Child neglect can also be described by degrees of severity and the responses considered warranted by communities and government agencies.
- Mild neglect is the least likely to be perceived as neglect by the child but raises the possibility of harm in ways that need intervention by the community. An example might be a parent who does not use a proper car safety seat.
- Moderate neglect occurs when some harm to the child has occurred. An example might be a child repeatedly dressed inappropriately for the weather (e.g. shorts in winter.) In cases of moderate harm, governmental agencies might be called in to assist parents.
- Severe neglect occurs over time and results in significant harm to the child. An example might be a child with asthma being denied treatment.

==Experience==
Children may be left at home alone, which can result in negative consequences. Being left at home alone can leave young people feeling scared, vulnerable and not knowing when their parents are going to return. The frequency and duration of being left at home alone may range from every evening to several days or even weeks at a time.

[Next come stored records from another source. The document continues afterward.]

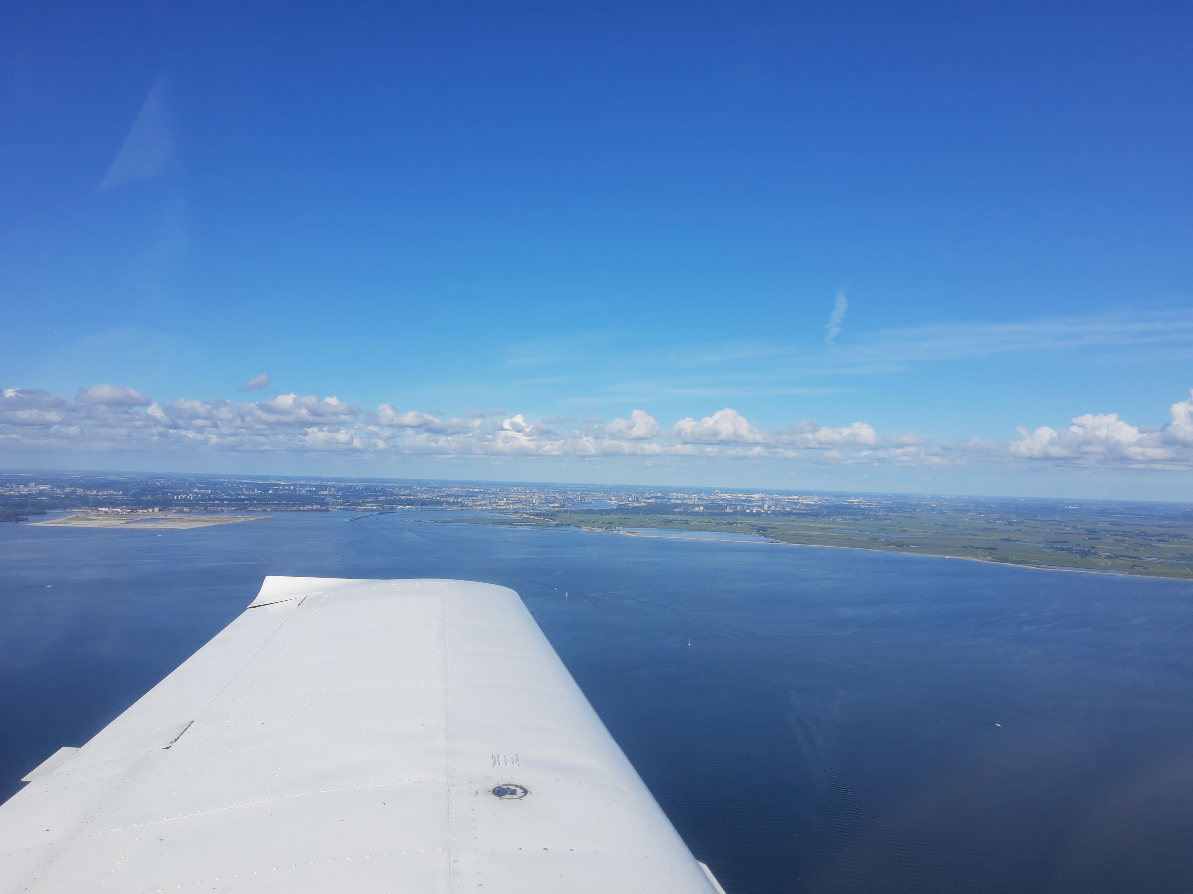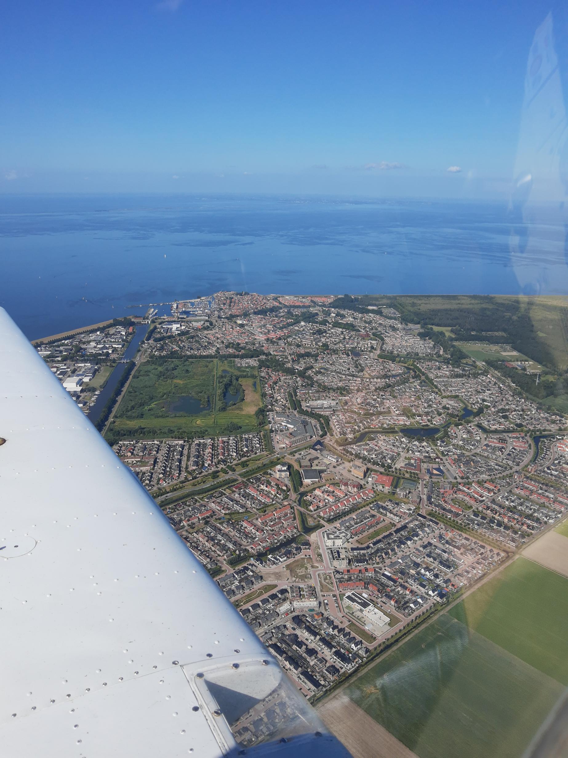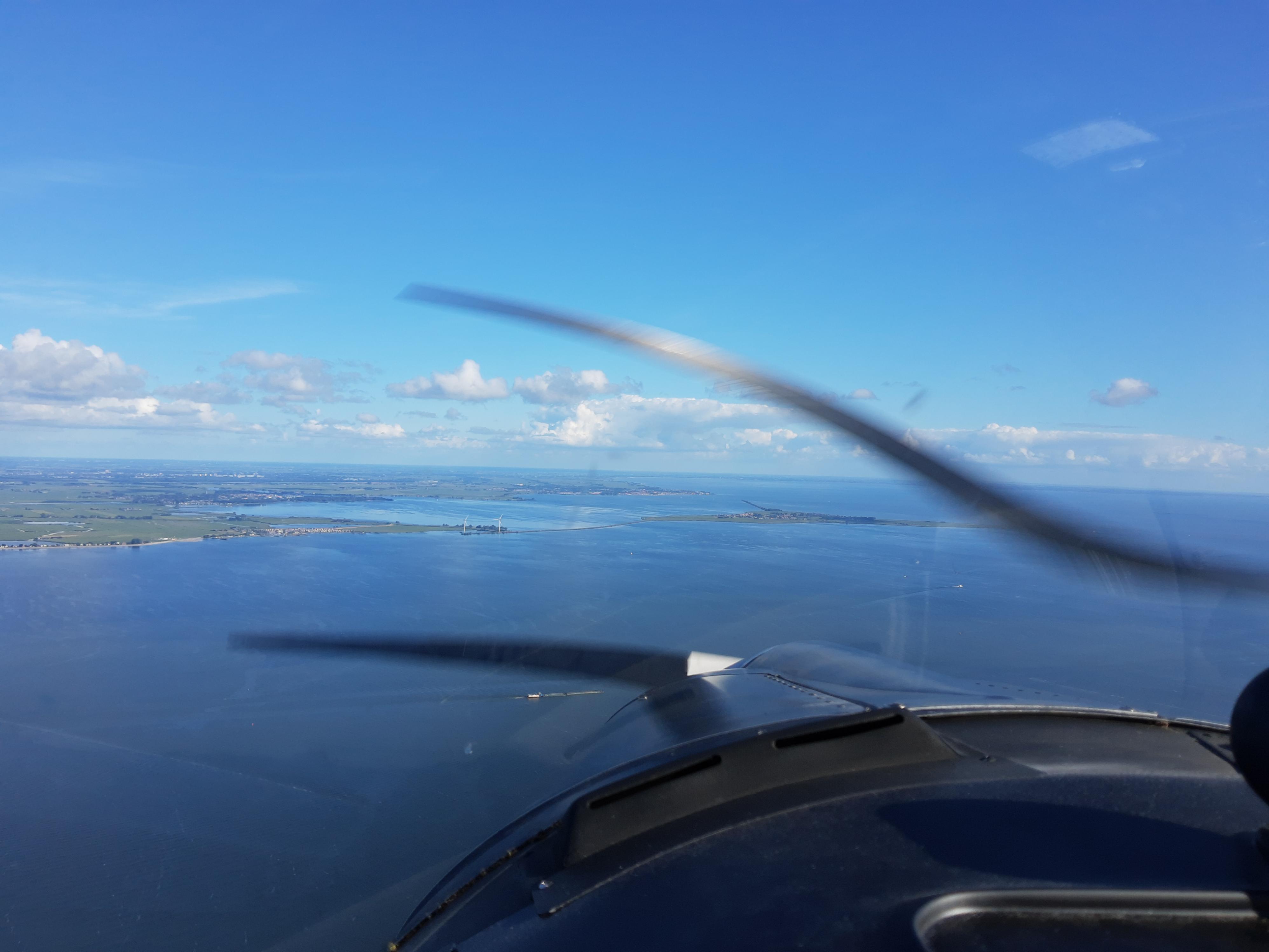 Na take-off, het circuit verlaten en klimmen naar zo'n 1300 voet, zien we hier het Markermeer met in de verte Marken.
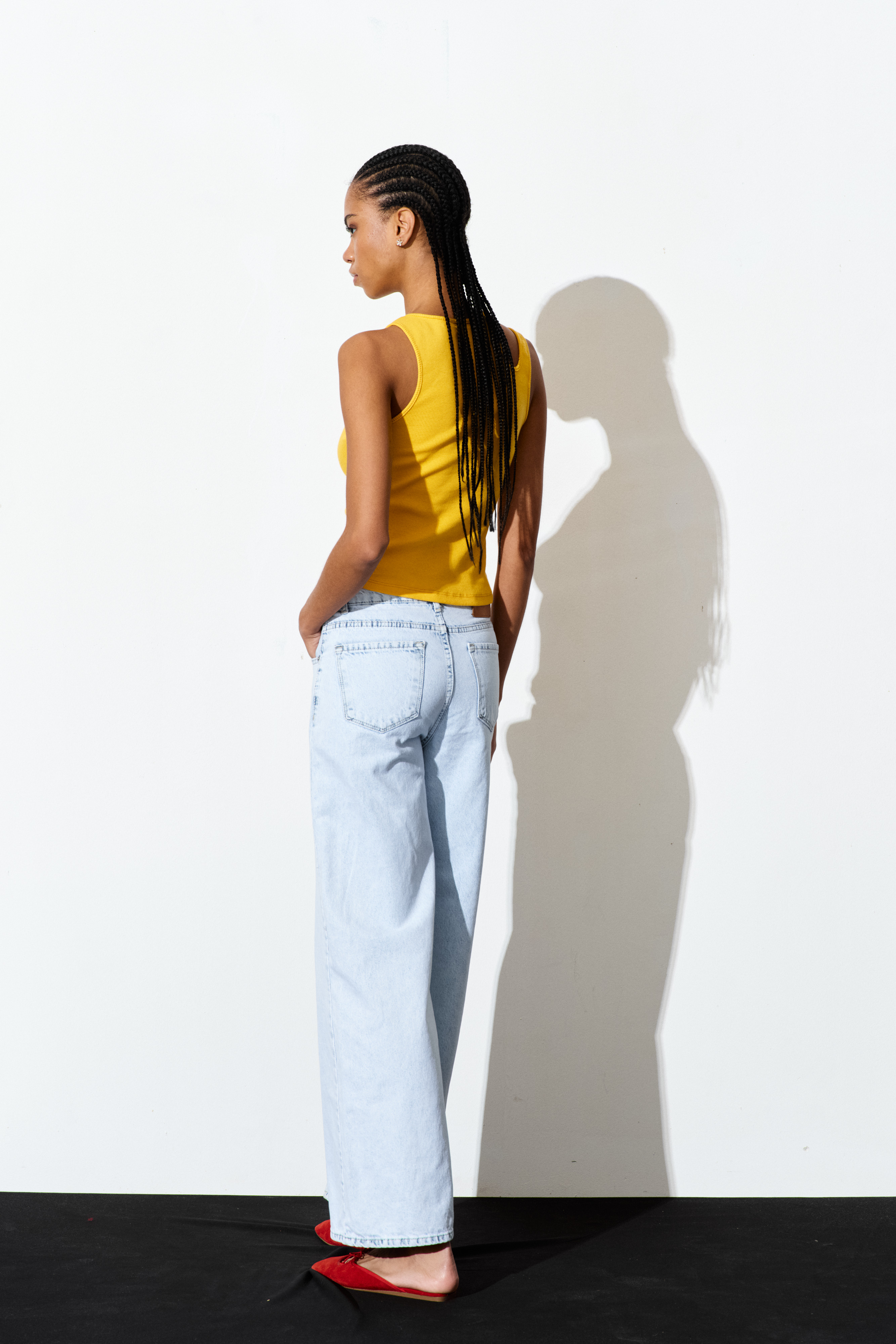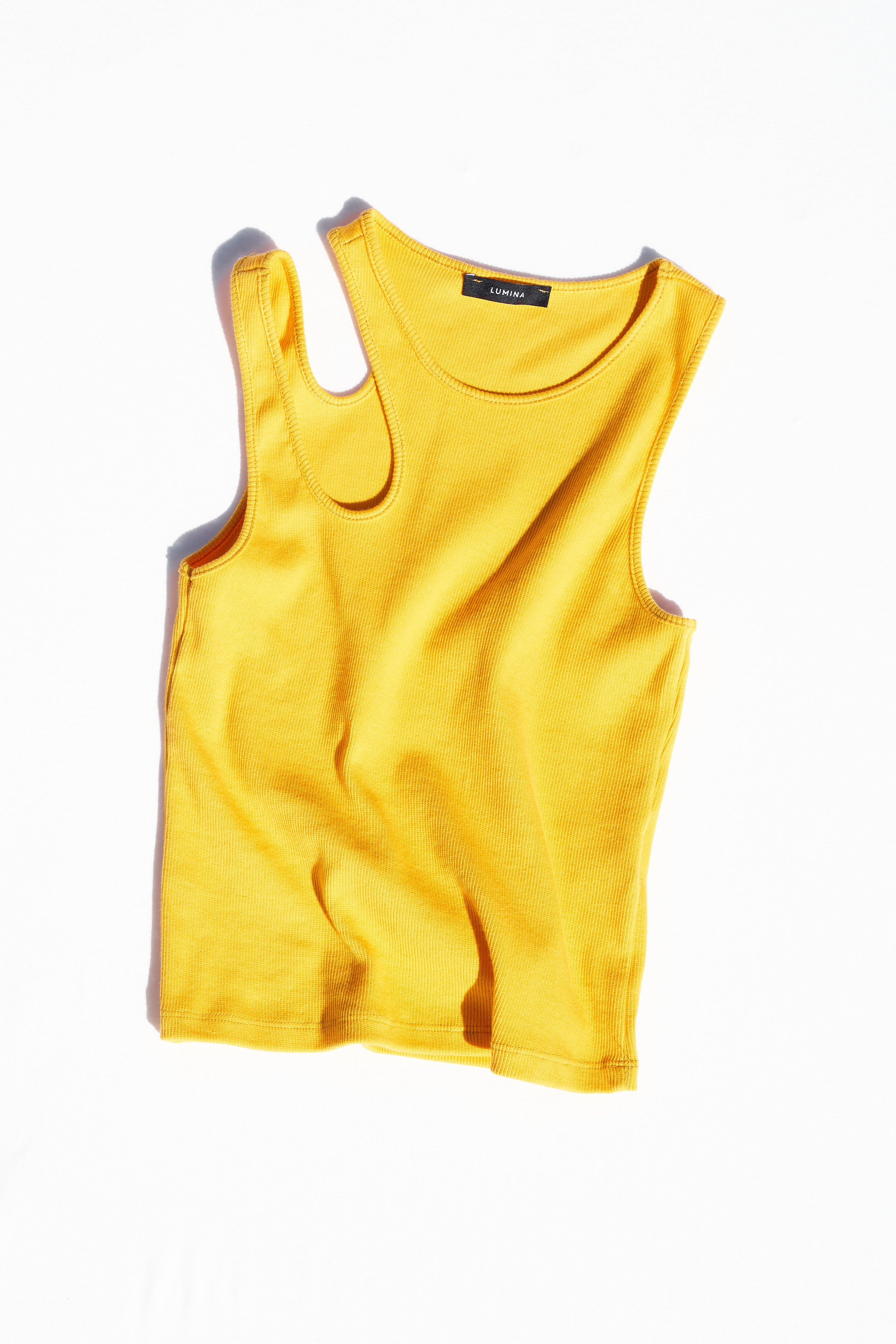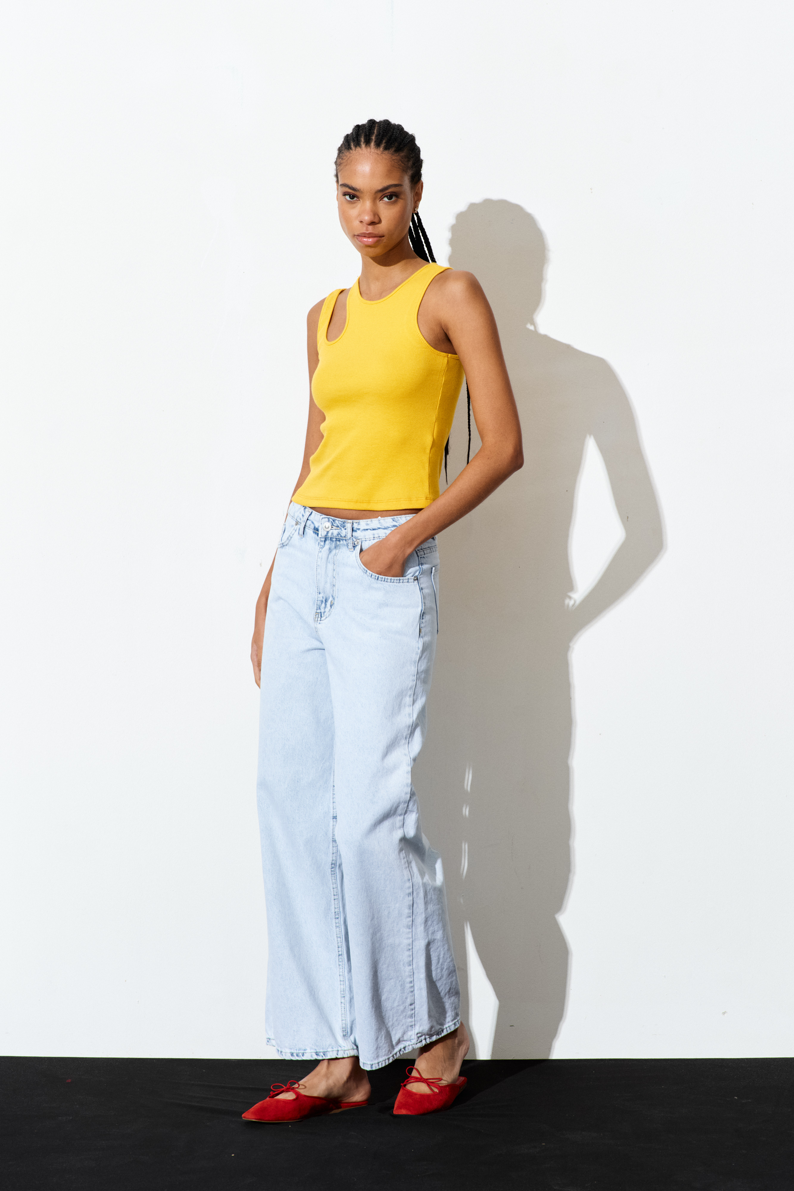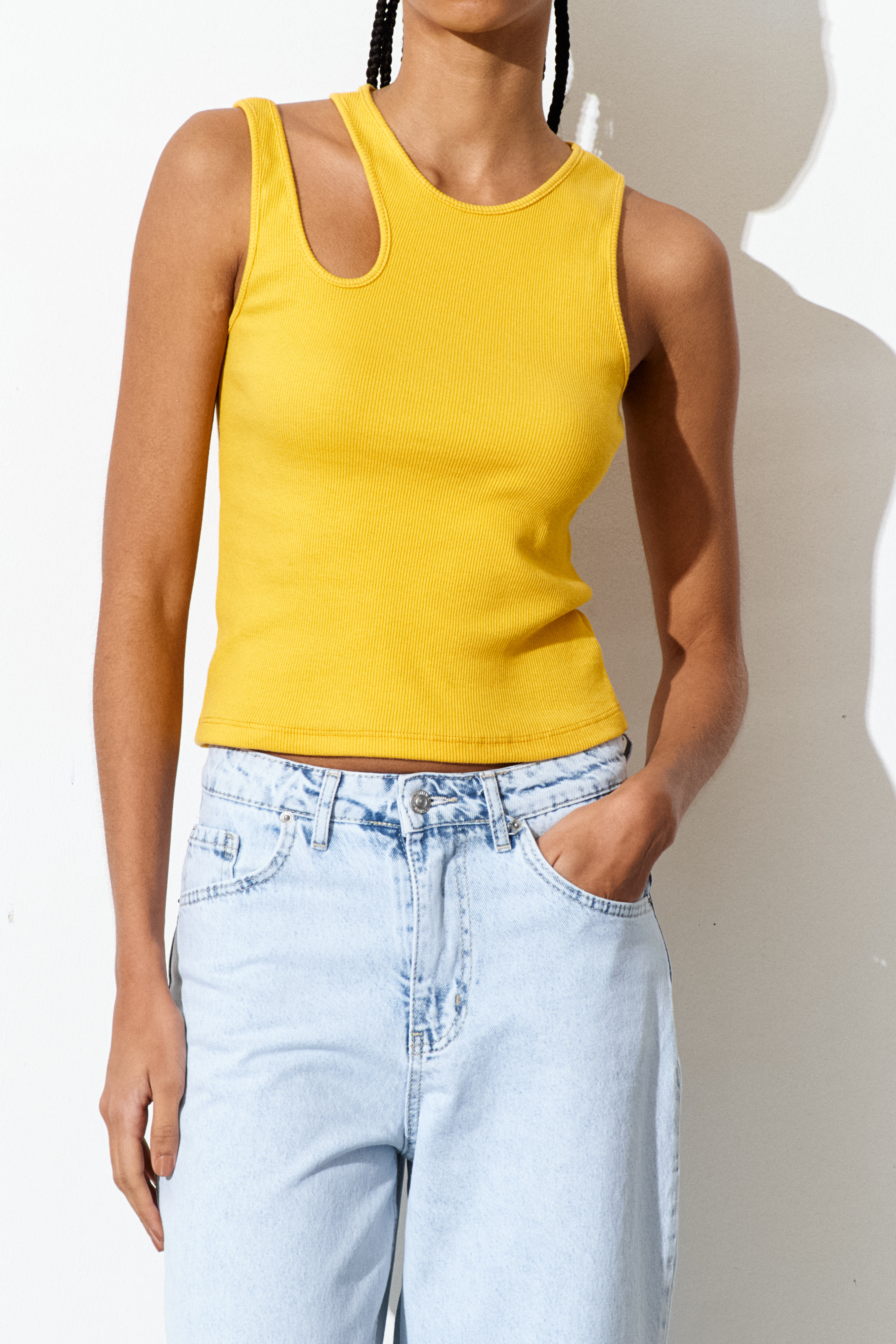 Stretch cotton jersey tank top. Wide crew neckline with a finished finish. Broad shoulders. Front insert with long fringes. Regular fit, available in size S/M, M/L.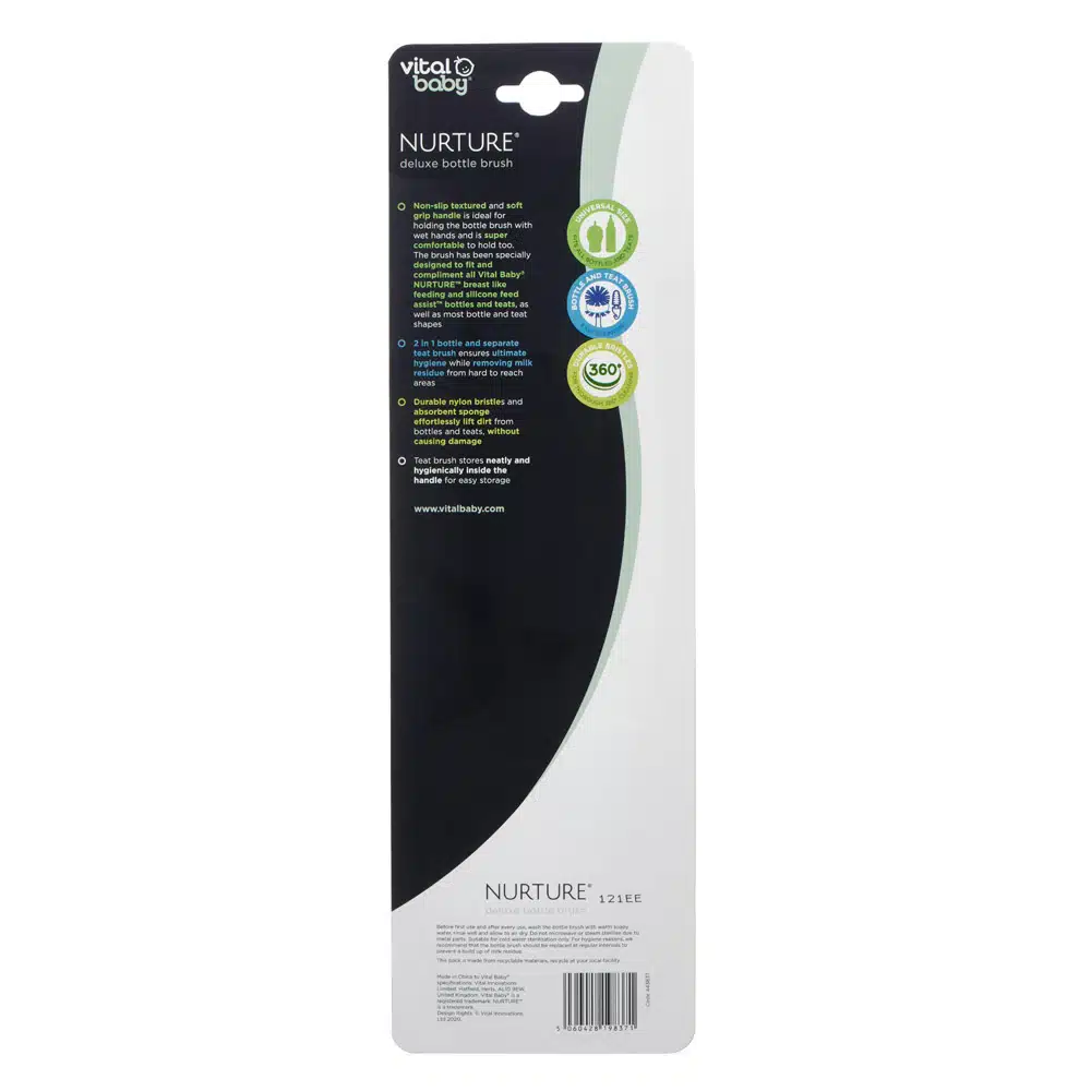 The Vital Baby Nurture Deluxe Bottle Brush is the go-to tool for safe, efficient bottle cleaning. With a hygienic 2-in-1 design, non-scratch bristles, and eco-friendly materials, it ensures bottles and teats stay spotless and safe for baby.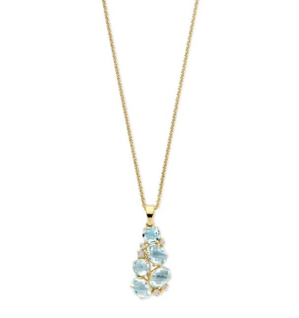JARREL 4Y.6163.TOS.Diw 14krt geelgouden collier Palazzo met 5x blauwe topaas en 5x diamant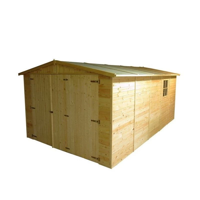 Garaje de madera Mikhail I de alta calidad con tejado a dos aguas y ventana.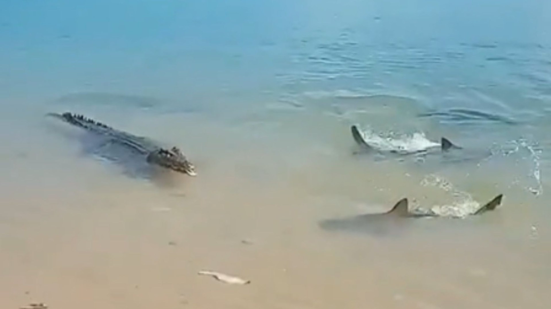 Assista ao momento horrível em que crocodilo enfrenta gangue de TUBARÕES em batalha brutal para ser o rei da praia

Also, young children may not be provided with a suitable amount of decent food to eat, which is another form of neglect. Children have reported being provided with mouldy food, not having any food in the house, or they were given an insufficient amount of food.

==Causes==
The causes of child neglect are complex and can be attributed to three different levels: an intrapersonal, an inter-personal/family, and a social/economic level. Although the causes of neglect are varied, studies suggest that, amongst other things, parental mental health problems, substance abuse, domestic violence, unemployment, and poverty are factors which increase the likelihood of neglect. Children that result from unintended pregnancies are more likely to suffer from abuse and neglect. They are also more likely to live in poverty. Neglectful families often experience a variety or a combination of adverse factors.

===Intra-personal===
At the intra-personal level, the discussion around neglectful parents' characteristics often focuses on mothers, reflecting traditional notions of women as primary caregivers for children. "Neglectful attributes" have included an inability to plan, lack of confidence about the future, difficulty with managing money, emotional immaturity, lack of knowledge of children's needs, a large number of children, being a teenage mother, high levels of stress and poor socioeconomic circumstances. Mental health problems, particularly depression, have been linked with a parent's inability to meet a child's needs. Likewise, substance misuse is believed to play a crucial role in undermining a parent's ability to cope with parental responsibilities. Recent empirical works have also pointed to parental burnout (i.e., chronic lack of parenting resources) as an especially potent mechanism in driving neglectful behaviour toward children. While the literature largely focuses on mothers, the role of fathers in neglect, as well as the impact of their absence, remains largely unexplored. There is still little known about whether mothers and fathers neglect differently and how this affects children. Similarly, not much is known about whether girls and boys experience neglect differently.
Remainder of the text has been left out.